February 3rd, 2014 / 10:00 am
Review of The Conductor and Other Tales by Jean Ferry
The Conductor and Other Tales
by Jean Ferry
Wakefield Press, Nov 2013
176 pages / $13.95 Buy from Wakefield Press or Amazon
The biggest initial draw to this neglected collection of stories by avant-gardist Jean Ferry is his associations with other big names in French cinema and literature. Names like Buñuel, Carné, Malle, and Breton get dropped through the introductory materials to this edition, the first of his works to be fully published in English. Despite all these associations, the ultimate sensation one gets after reading this work, Ferry’s only collection of fiction, is that he’s not so easily lumped in with the surrealist or pataphysic movements that attempted to swallow him into their pigeonholes. Instead, as translator Edward Gauvin states in his introduction, “Ferry is the exception to every movement he’s been in,” a claim that ironically puts him further in line with the ideals of pataphysics .

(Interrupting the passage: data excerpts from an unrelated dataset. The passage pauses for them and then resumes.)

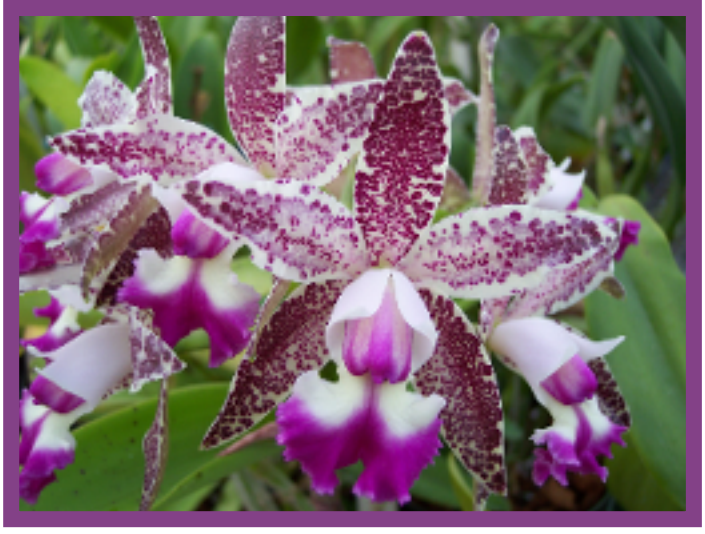
C. Tian Mu 'Sesame'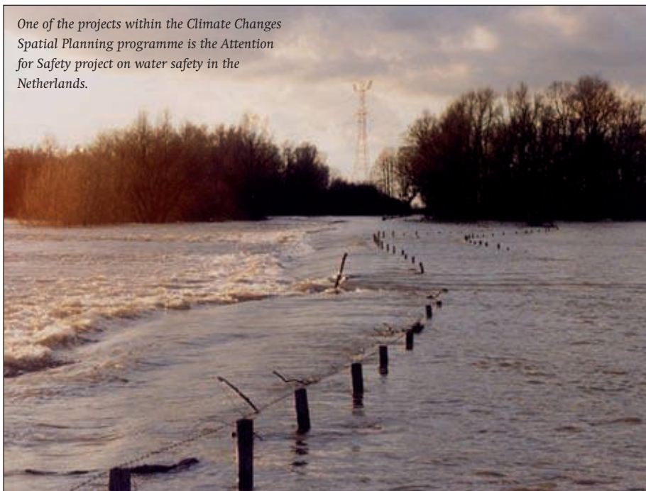
One of the projects within the Climate Changes Spatial Planning programme is the Attention for Safety project on water safety in the Netherlands.

The G-scenario is based on a temperature rise of 1 degree Celsius between 1990 and 2050. This corresponds with the B2-scenario in the WLO-study. The size of the population remains roughly the same (16 million in 2040), there is a slight increase in economic growth and unemployment rate is high. Trade blockades are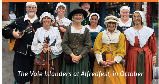
The Vale Islanders at Alfredfest, in October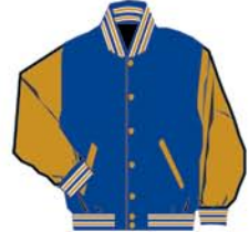
JW225P11 #1L Royal 47 body #42 Gold sleeves Ryl/Wht/Gld-B Gold snaps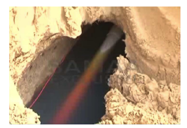
Fig. (4). Wastage of oil cargo from the underground pipelines.

At the end it is hoped that the Law Department of the Government of Pakistan and the relevant concerned Authori-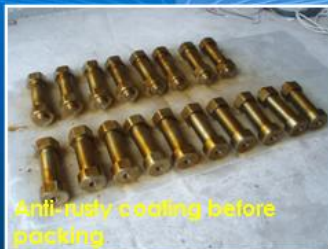
Anti-rusty coating before packing

Please find a photo sample of our work, during of fabrication of Tailshaft Coupling Bolts/Nuts by certified material of high tensile/yield strength.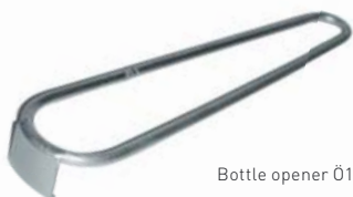
Bottle opener Ö1

Our stainless steel bottle opener makes it easier for you to remove the cap from the water bottle.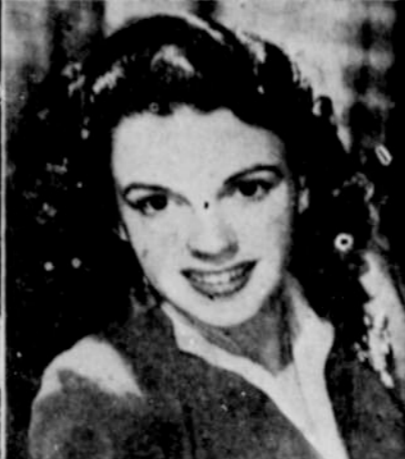
Judy Garland will add her lilt-ing notes to the musical portion of the show.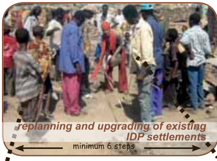
replanning and upgrading of existing IDP settlements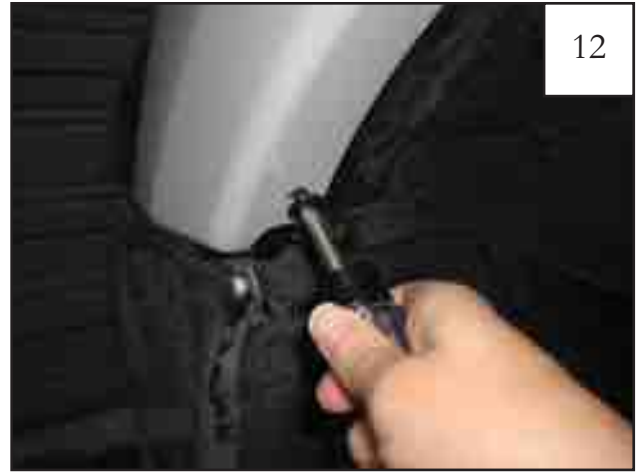
Start a supplied Truss Head Screw through forward-most hole in flare and into "U" Clip installed in Step 8. Note: For the Limited version, install this screw directly into hole in fender. Ensure flare is properly positioned and tighten all screws.

The easiest way I can understand pataphysics is to say it’s the layer outside of metaphysics. Seeing as metaphysics is already shaky ground for thought systems, how does one breach the pataphysical level? Ferry’s method, in the handful of stories that best align themselves with this short-lived tradition, is to introduce a story very simply and unassumingly. The story then leads the reader subtly into abstract territory where one can infer a number of metaphors throughout the narration, ones that give the text its weight, just like any other well-executed traditional literary text. But what Ferry does is extends the metaphor further, going off into a tangent that speeds like a rocket, flying through incidents and ideologies it has no time to explain, but only enough to introduce in passing, making the end result of each of these bite sized stories, when looking back over them, akin to a godly perspective, where earlier particulars lose their distinctions.
The etymology of the term avant-garde derives from the group of soldiers sent into the battlefield earliest to scope out the situation. The job requires simultaneous sensitivities to caution, intuition, timeliness, and luck. Ferry’s take seems to be to speedily pull the avant-garde as far as he could take it, to sprint into the most vulnerable area of the form and celebrate it unabashedly. Instead of creeping around the bushes and trying to figure out the terrain, Ferry runs full speed through the deathly silent tension of a potential warzone, using luck as his only strategy. In this way Ferry doesn’t have time to go back and worry about if the path his narrative took may have been the wrong one; he doesn’t give himself that luxury. The intention is to go somewhere far beyond the point where normal beyond seekers are already going.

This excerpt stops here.